Otra noche en la Tierra (David Muñoz): como ya llevó a cabo Abbas Kiarostami en Ten (2002) y recreando el film de Jim Jarmusch Noche en la Tierra (Night on Earth, 1991), un automóvil, más exactamente un taxi, te puede llevar a todos los rincones del alma de una ciudad, incluso de un país, a través de las reflexiones de sus conductores y pasajeros; en este caso, el clima de la “revolución” egipcia, si se puede llamar así, y los problemas que achacan a la población: economía, cultura, la situación de la mujer, Mubarak, los militares, Occidente, los Hermanos Musulmanes: todo lo que ha acontecido en el país árabe, y siempre las aguas del río de la vida –como El río (The River, Jean Renoir, 1951)– están ahí una y otra vez para presidir los cambios humanos. Los taxistas vuelven, atravesando sus aguas en una falúa, a su descanso, tras llevar a cabo una tarea que siempre fue nocturna. El Cairo se nos ha mostrado siempre de noche, cuando parece que reflexiona sobre lo que aconteció de día, y el amanecer nos despierta con las voces ampliadas de la megafonía de la plaza Tahrir que navegan por las aguas del Nilo.

La jungla interior (Juan Barrero) habla del nacimiento del primer hijo, que nos lleva al desnudo de la vida, la del protagonista y la de su pareja, la Gala… y ahí se queda la cosa. De vuelta del viaje a la selva, el externo, el viaje a la selva interior, un nuevo mundo y no el de Darwin aparece ante él a la vuelta. Ha germinado en la tierra el semen de su polla y ella lo ha recogido y se ha regado y así creció la yerba y el fruto. En la casa de la Tita también la Historia de nuestro “democrático” país, una vez más los asesinos falangistas. La Tita, que era lesbiana y no quería casarse, tuvo una novia pero los fascistas son el mal, el de la Inquisición española, y como eso no era moral, para su moral oscura y enferma… qué iba a hacer ella, que pasó por loca y vivió sola y escondió a gente para que no los fusilaran. Del plano cerrado pasamos al mapa del cuerpo humano de la mujer encinta. La piel y las estrías de la Gala, una hermosa mujer, un hermoso cuerpo que se muestra sin maquillaje y con dolores… Desde el diario vital cinematográfico, como Jonas Mekas, aquí nace otro ser que sale por el coño de su madre y se ve.
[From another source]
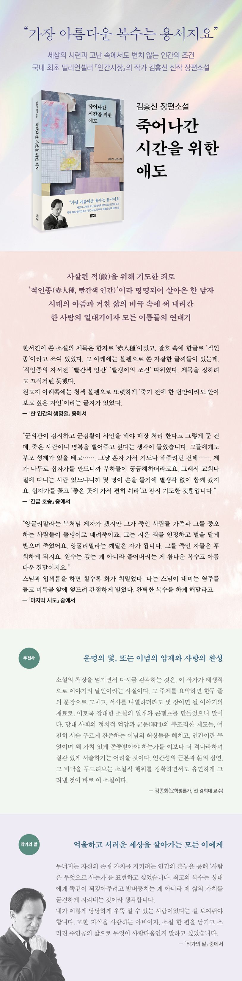50년 가까운 시간을 문학에 바친 영원한 글쟁이 김홍신의 노련한 필력이 신작 「죽어나간 시간을 위한 애도」에도 고스란히 녹아났다. 액자 형식과 시점의 변화를 통해 극의 입체감을 더했고, 주인공의 심리 변화와 고문 과정 등에 대한 적나라한 묘사는 독자의 몰입을 강화한다. 긴장감 넘치는 한 편의 소설이 마침내 애도문으로 글의 장르가 확장되고, 그 찬란하도록 슬픈 변곡점에서 삶과 죽음의 경외감을 독자들에게 선사할 것이다.

Hermosa película.

Debemos hablar también de los cortos que nos han dado la bienvenida en Panorama. El vacío (Ramon Balcells), cortometraje que proyectaron antes de El invierno de Pablo, parecía el tiempo del largometraje que adelantó. De un pequeño detalle, un mundo, cortometraje de soledades y vidas sin identificar por haber tomado un solo camino –si se pueden tomar más caminos en la vida, demonios–. A Raia (Iván Castiñeiras) es un corto documental etnográfico de la frontera de España y Portugal… Fernando y Pepe, Fernando el portugués, Pepe el español, hacían negocio (contrabando) cuando existía la frontera; 20 años de amigos y de historias, y, desaparecida la frontera, dejaron de verse. Que se encuentren… dos retratos ibéricos.